**EXERCISE AIM**
Filter the data below, keeping only lines that contain "nursery".

**RECORDS TO PROCESS**
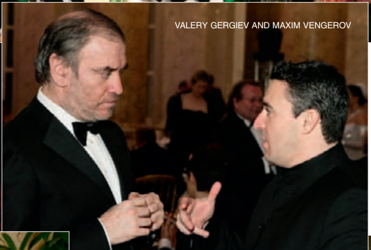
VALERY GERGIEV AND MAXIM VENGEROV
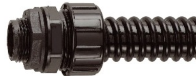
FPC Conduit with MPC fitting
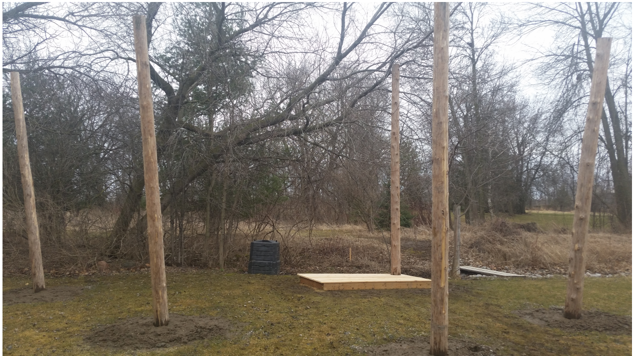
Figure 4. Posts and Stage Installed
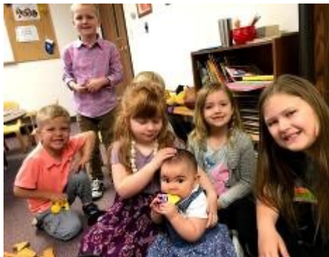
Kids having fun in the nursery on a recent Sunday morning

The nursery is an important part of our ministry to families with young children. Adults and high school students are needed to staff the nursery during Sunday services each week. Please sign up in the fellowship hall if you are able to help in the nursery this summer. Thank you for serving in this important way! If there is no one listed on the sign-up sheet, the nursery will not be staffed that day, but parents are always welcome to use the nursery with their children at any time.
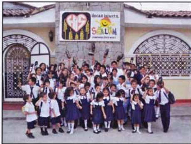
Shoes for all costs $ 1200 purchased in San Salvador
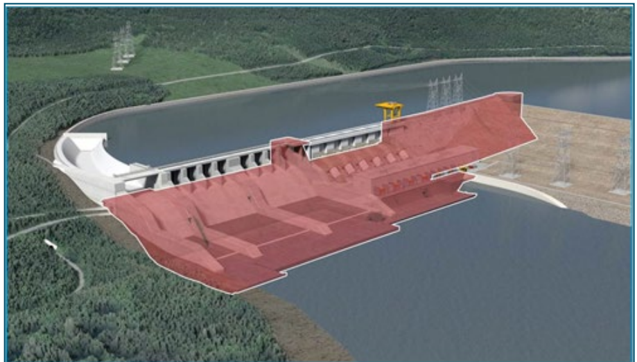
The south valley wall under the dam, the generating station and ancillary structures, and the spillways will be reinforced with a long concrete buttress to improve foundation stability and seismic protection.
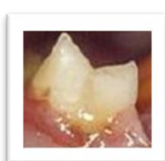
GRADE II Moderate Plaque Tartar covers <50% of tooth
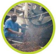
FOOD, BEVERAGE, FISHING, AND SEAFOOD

**SOLUTION TO THIS TASK**
Kids having fun in the nursery on a recent Sunday morning
The nursery is an important part of our ministry to families with young children. Adults and high school students are needed to staff the nursery during Sunday services each week. Please sign up in the fellowship hall if you are able to help in the nursery this summer. Thank you for serving in this important way! If there is no one listed on the sign-up sheet, the nursery will not be staffed that day, but parents are always welcome to use the nursery with their children at any time.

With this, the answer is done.